In the development of some data layers for a species distribution modeling project, I determined that one of the environmental drivers we might want to use was a measure of Topographic roughness. The topographic ruggedness index (TRI) appears to have been developed by Riley et al. (1999) to express the amount of elevation difference between adjacent cells of a digital elevation grid.
An excellent post by user ‘whuber’ gives a good workflow for creating a TRI:
Compute s = Focal sum (over 3 x 3 square neighborhoods) of [DEM]. Compute DEM2 = [DEM]*[DEM]. Compute t = Focal sum (over 3 x 3 square neighborhoods) of [DEM2]. Compute r2 = [t] + 9*[DEM2] - 2*[DEM]*[s]. Return r = Sqrt([r2]).
Using this as a guide, I created the a TRI layer in ArcGIS using these steps.
So starting with the standard 30-meter USGS DEM (we’ll call this layer “[DEM]”), we calculate the focal sum (over 3 x 3 square neighborhoods) of [DEM] using the Focal Statistics Tool in ArcGIS.
Next we’ll calculate the square of the DEM, naming it “[DEM2]” using the Square Tool in ArcGIS.
Next we calculate “t” which is the focal sum (over 3 x 3 square neighborhoods) of [DEM2].

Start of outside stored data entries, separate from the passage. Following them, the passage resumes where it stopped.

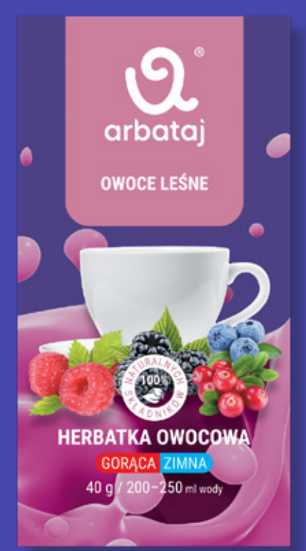
Fruit and berry mix for preparing FOREST BERRIES drink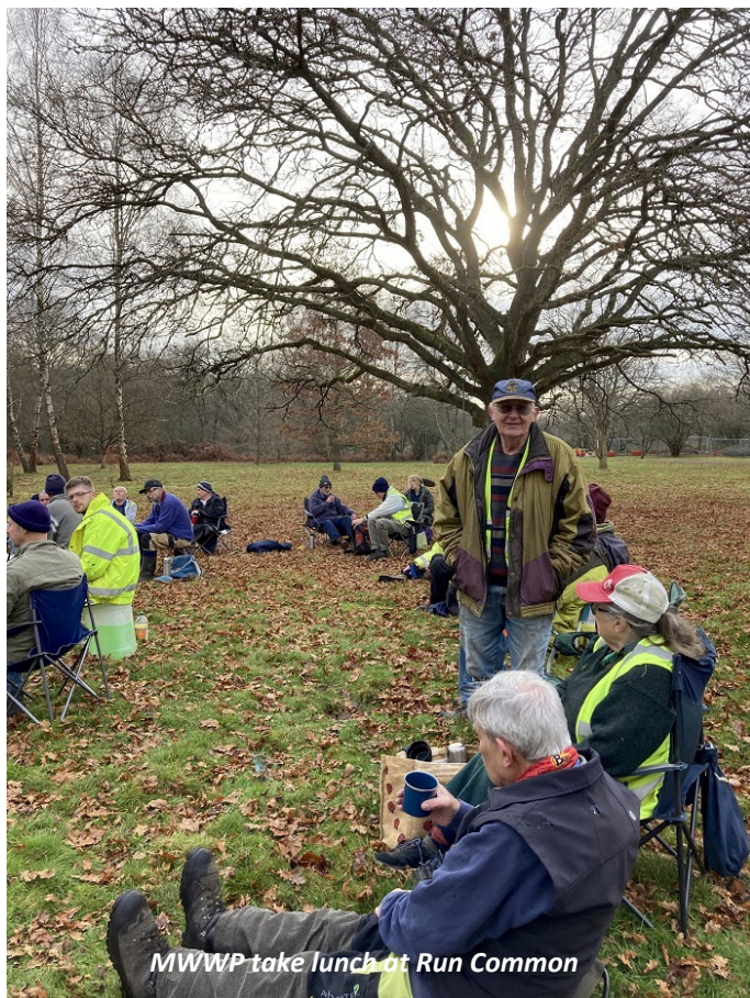
MWWP take lunch at Run Common

Hunt Park is consuming a great deal of time for a small group. At the Shalford Information Centre, a new fence has been erected from the corner of the boardwalk to the river to prevent the public and dogs wandering on the area until such time as the conservation plan agreed with our ecologists has been completed.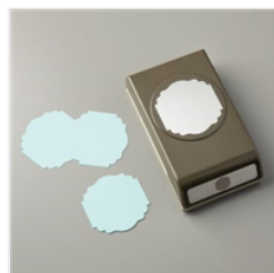
Label Me Lovely Punch - 151296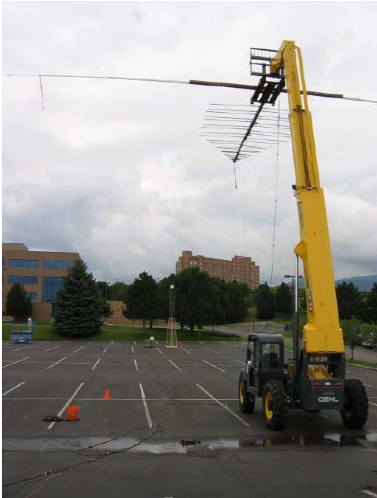
Figure 2 Proposed CWI Antenna System Mounting Scheme (Telehandler Height Maximum 55ft.)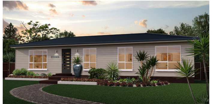
Facades displayed above are for illustrative purposes only and some items may not be included in the price

Simple yet appealing, the Mulford is functional and well thought out. Sunlight floods the bedrooms and large living area along the front of the home, creating a feeling of warmth and space.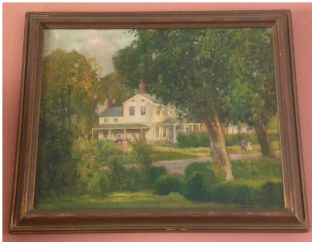
Corwin Knapp Linson - painting c. 1910

I was half tempted to stop here as the map appeared to represent what I was going after for this particular species. But we had to complete the analysis, so we used Raster Calculator to compute r2 which is equal to the [t] + 9*[DEM2] – 2*[DEM]*[s]. Then we just take the square root of r2 and get this map, which represents topographic roughness for the state:
The darker the color, the more rough the area is. This appears to be true in the deep valleys section of northcentral PA, as well as the ridge and valley and lots of the Waynesburg Hills in the SW corner.
Although, we have a high resolution LiDAR-derived DEM for the state, this TRI developed from the 30-m dataset should be good enough for our needs, as the error in the DEM should be negligible especially given the modeling environment. Still, it would be fun to run at the finer scale.